CIVIL AND HUMAN RIGHTS

Fundamental civil liberties, such as freedom of speech and press, peaceful assembly and association, and political rights, although nominally guaranteed to Zairians by the constitution, have been seriously infringed upon by the Mobutu regime. This deprivation has been compounded by the fact that the Zairian people have received very little information over the years concerning their civil and legal rights.

Several independent human rights organizations are active in Zaire, including the Voice of the Voiceless, the Zairian League for Human Rights, and the Zairian Association for the Defense of Human Rights. They are reported to operate freely, and generally have not been harassed by the government despite their critical reports documenting human rights abuses by the regime. Nevertheless, the Mobutu government has refused to permit governmental or private international human rights organizations to investigate cases of human rights abuses in Zaire. Complaints against the government have included political repression and imprisonment of the political opposition; curtailment of religious freedoms; intimidation, theft, killings, and other excesses by security forces; and inhumane treatment of prisoners. A 1991 report on human rights in Zaire by Amnesty International indicated that political imprisonment, security force violence, and other abuses were prevalent. The United States Department of State's 1991 publication on human rights practices reported that "Human rights in Zaire remained seriously restricted . . . . Zairians remained subject to arbitrary detention and physical mistreatment." According to that report, key sources of the problem include the authoritarian nature of the regime, the size of the security apparatus and its freedom of action, and pervasive and widespread corruption. The instruments of law and order are also the chief abusers of human rights, greatly diminishing their legitimacy. Another important factor is that although the armed forces receive their general authority from the central government, they are often not within its firm control, especially at the local level. Efforts by Mobutu to improve the human rights situation are typically in response to Western threats to diminish foreign economic or military aid and have generally been ineffective. This situation prevails despite the fact that Zaire is a signatory of the United Nations International Covenant on Civil and Political Rights and the African Charter of Human and People's Rights.

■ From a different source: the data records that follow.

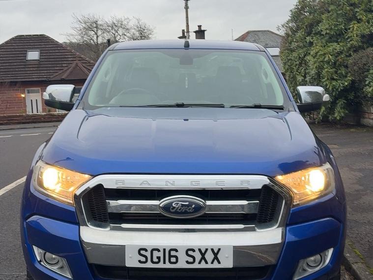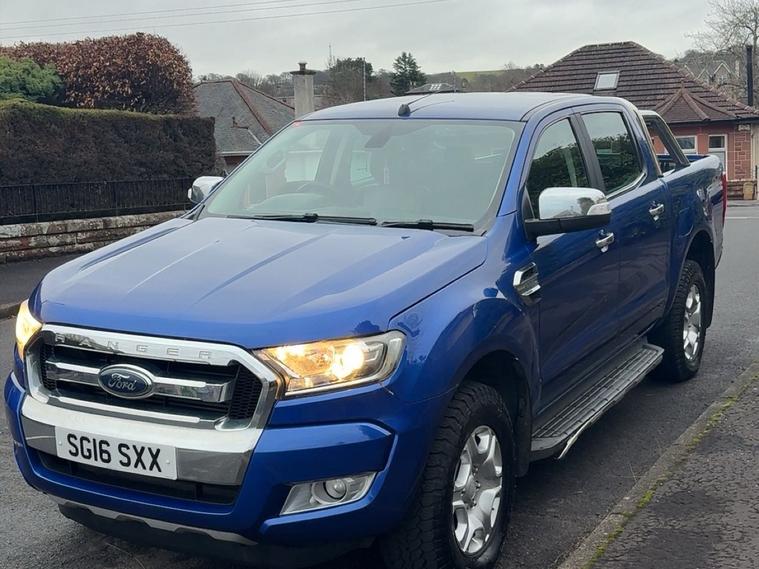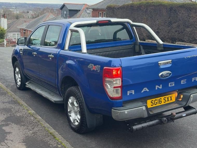 Ford Ranger Limited 4x4 double cab 3.2 diesel, 2016 16 reg, blue with black leather interior, 6 speed manual, selectable 4wd modes, electric windows and mirrors, heated seats, parking assist, hands free, cruise control, digital dash, side steps, aircon, 12v points, 122, 000 miles, 2 keys, MOTd November 2026 £8495 plus vat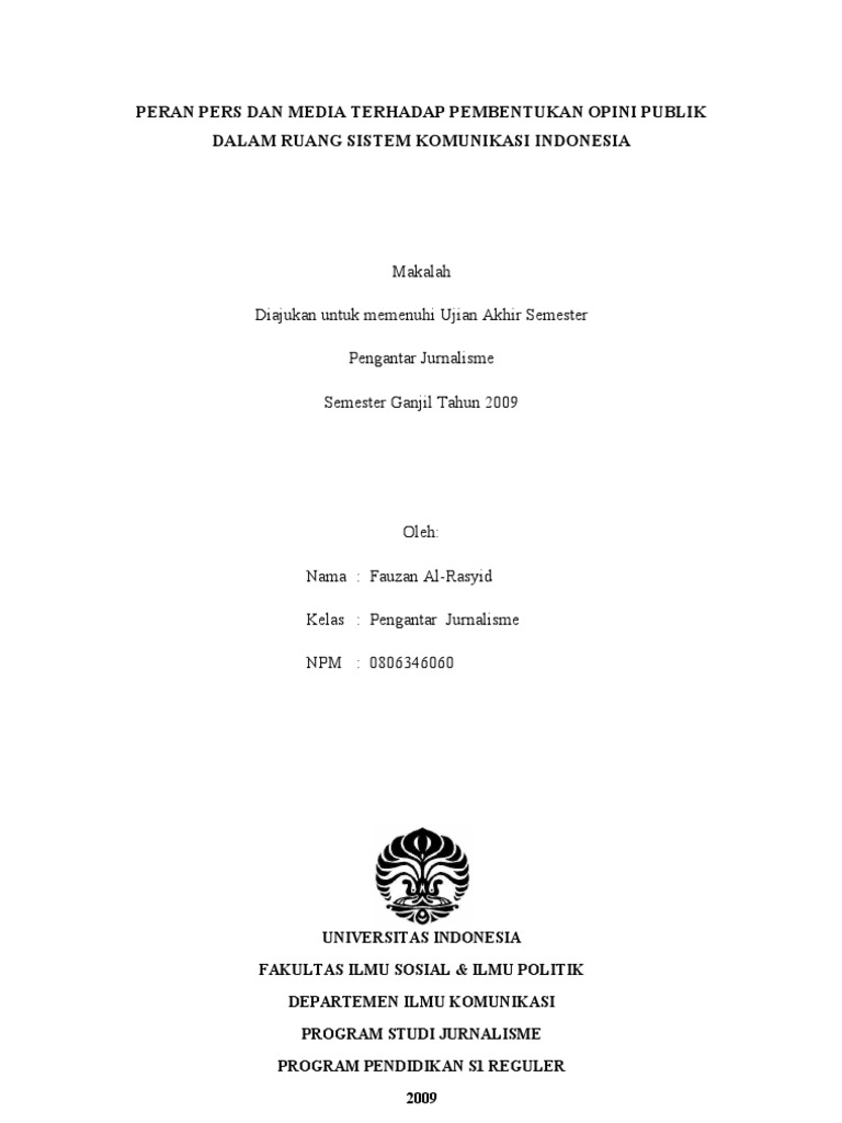 Makalah Komunikasi Peran Pers Dan Media Terhadap Pembentukan Opini Publik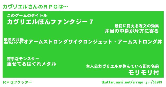 | ファンタジー風あだ名 | 『カヴフェル』『エターナルカヴリエルー』 |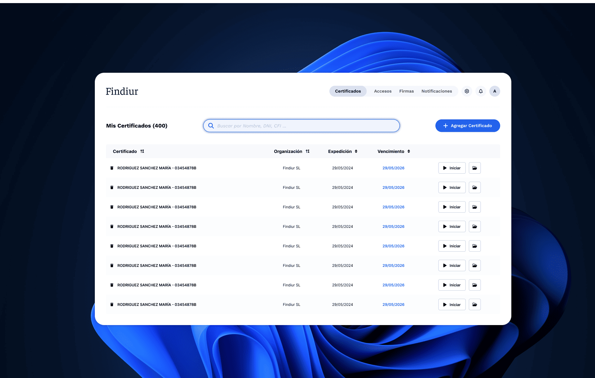 Una plataforma que te permite encontrar rápido el certificado que necesitas, avisos de caducidad, usar varios a la vez y mucho más.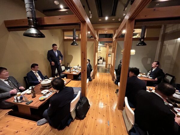 第1回委員長会議が終了し、海鮮焼き 雲丹しゃぶ吉長にて、懇親会を行った。懇親会の開催に先立ち、腹パンアリーナ総務企画委員長より乾杯のご挨拶が行われ、今日しか味わえない人と人、人と地域、人と同友会との連携を祈念する乾杯が行われたのであった。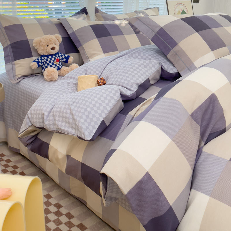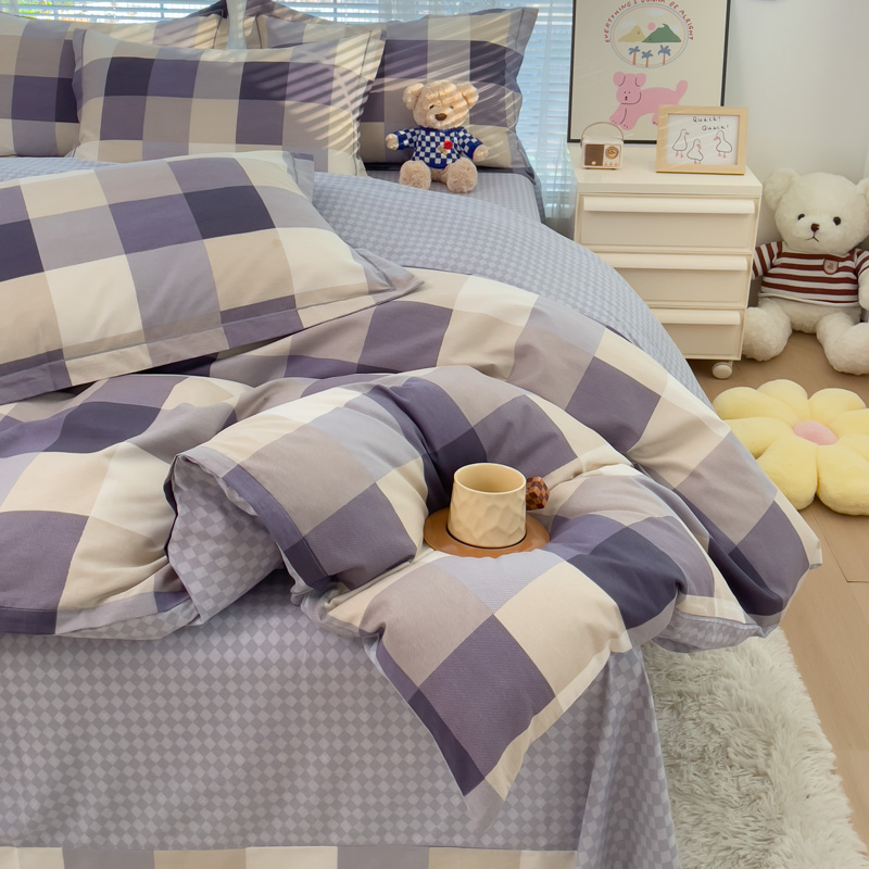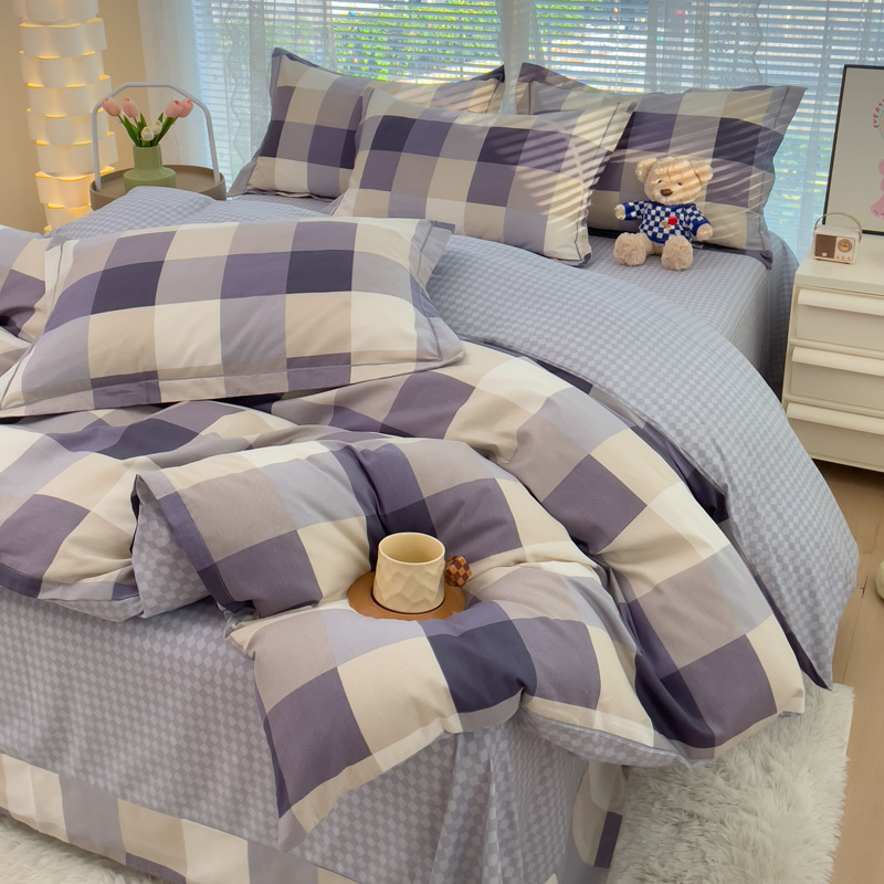 铭博家纺 新款直播爆款网红全棉四件套13070印花吊边一字绣纯棉四件套工艺款 伯克里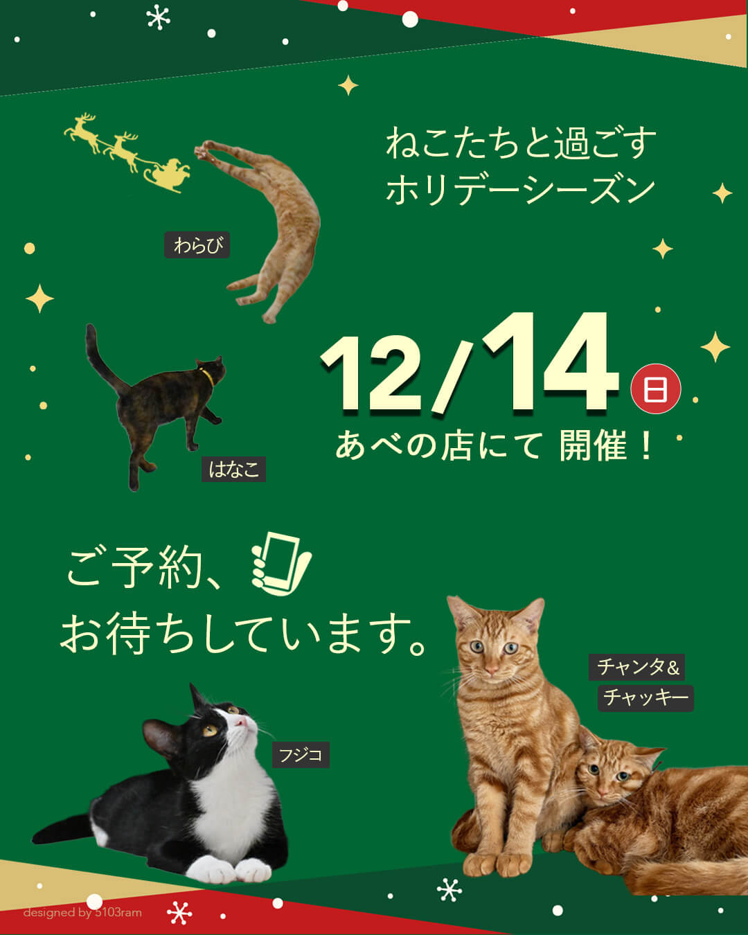 ご予約不要、開催時間内にお気軽にお越しください^ ^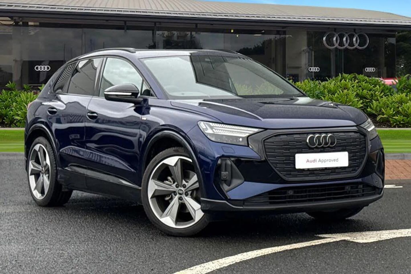 Carlisle Audi is pleased to introduce this stunning Audi Q4 e-tron Black Edition . This SUV is finished in the striking Navarra Blue and sits on 21" alloy wheels which add the modern exterior. Whilst the Privacy Glass enhances the exterior finishes as well as enhance the privacy of your rear passengers. Coming with a 55kwh battery, this Q4 is equipped with 168bhp, and with the ability to travel up to 208 miles on a single charge. This Q4 comes with the Technology Pack, which includes Matrix LED headlights with dynamic indicator, and Headlight washers, designed to perfectly illuminate the road no matter the conditions. This pack also includes LED Rear Lights with the modern light strip, perfect for those who like to stand out from the crowd. This Pack also includes the upgraded SONOS premium sound system, perfect for listening to all your favorite tunes in sublime quality. With USB-C ports in the rear and the Audi phone box light in the front you can easily stay charged and connected whilst on the move. Inside you'll find seats finished in the supple Twin Leather as well as front sports seats with 4-Way Electric Lumbar Support that provide extra comfort on those long journeys. This vehicle comes with 3-Zone Electronic Climate Control that allows all your passengers to pick their perfect temperature.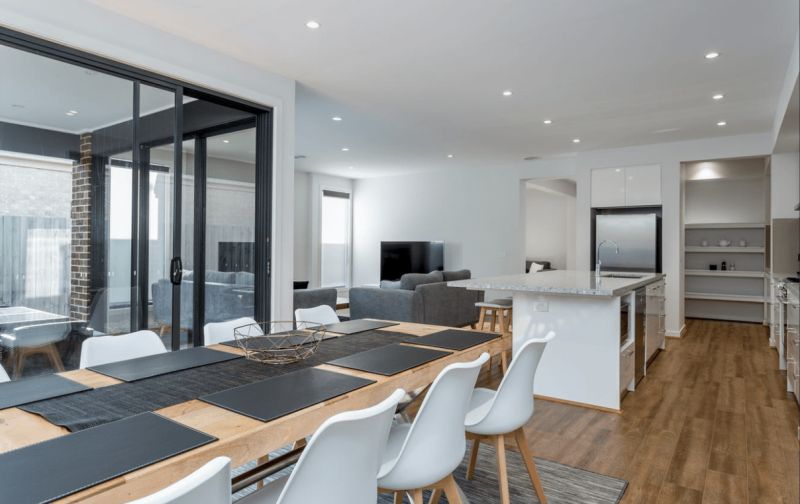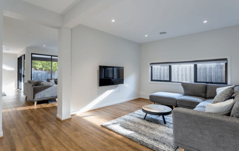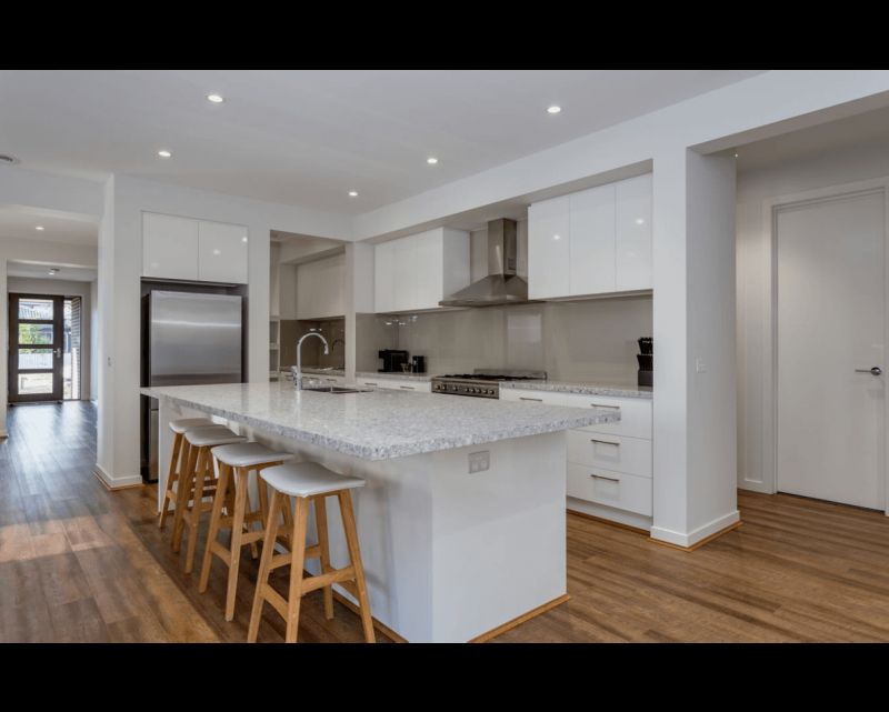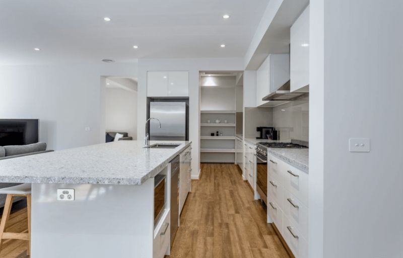 The living areas feature elegant floorboards, creating a stylish and easy-to-maintain space.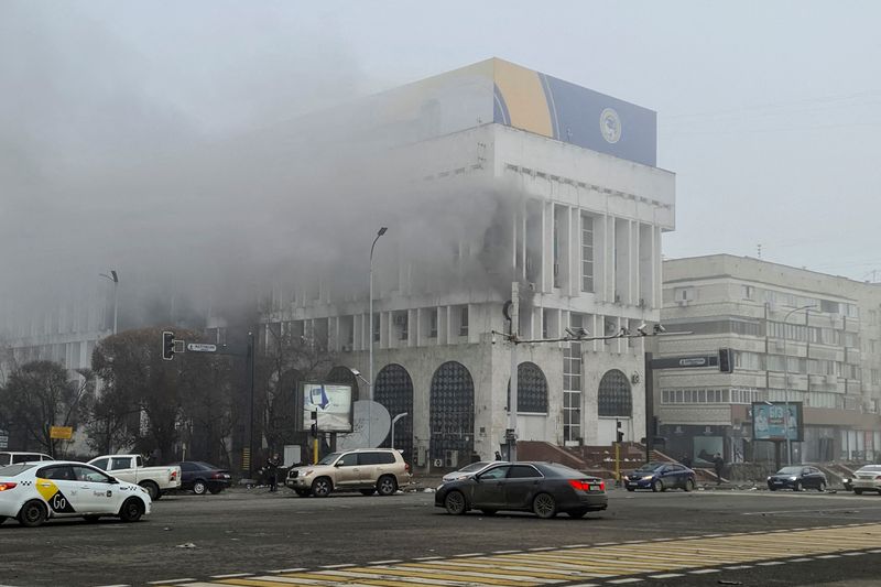 1月14日、暗号資産(仮想通貨)ビットコインの採掘業者にとって「天国」だったカザフスタンが、その輝きを失うかもしれない。写真は主要都市アルマトイで6日、抗議デモを受け煙を上げるTV局などが入居するビル(2022年 ロイター/Mariya Gordeyeva)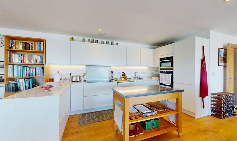 Communal door leads into entrance lobby with further door leading through to lift and stairs access to fourth floor. Oak panelled apartment front door leads into entrance hall with engineered timber flooring, cupboard housing the washer/dryer and doors through to: open plan living room with continuation of engineered timber flooring, sliding doors onto west facing balcony with views across Mount Edgcumbe and the Tamar estuary. U-shaped kitchen fitted with matt handleless wall and base units, Silestone work surfaces and splashbacks, 3 in 1 hot water tap, integrated Neff appliances including induction hob with extractor, combination oven and warming drawer, fridge/freezer and dishwasher. Master double bedroom with sliding doors onto inset west facing balcony with views of Mount Edgcumbe and the Tamar estuary and en-suite shower room fitted with white contemporary suite to include fully tiled shower cubicle, wash hand basin with storage drawer beneath, WC with low level sensor controlled lighting and tiled flooring, further double bedroom and bathroom also fitted with white contemporary sanitary ware to include tiled panelled bath with shower over, wash hand basin with storage drawer beneath, WC and tiled flooring. This property also benefits from two allocated parking spaces with visitor parking also available.

There had been some hope in the early 1990s that the human rights situation in Zaire would improve, following Mobutu's announcement in 1990 of political reforms, ostensibly intended to lead to a new constitution and multiparty elections. But in 1993 the political situation remained chaotic, with a beleaguered Mobutu clinging to power and continuing to repress dissent and block genuine progress toward political reform.

In March 1993, the United Nations Commission for Human Rights condemned Zaire's violations of human rights and basic freedoms. The commission's report cited in particular the widespread use of torture, inhuman conditions of detention, "disappearances," summary executions, and failure to ensure fair trials. It also deplored the regime's systematic and forceful repression of peaceful demonstrations and accused the regime of deliberately inciting ethnic violence in Shaba.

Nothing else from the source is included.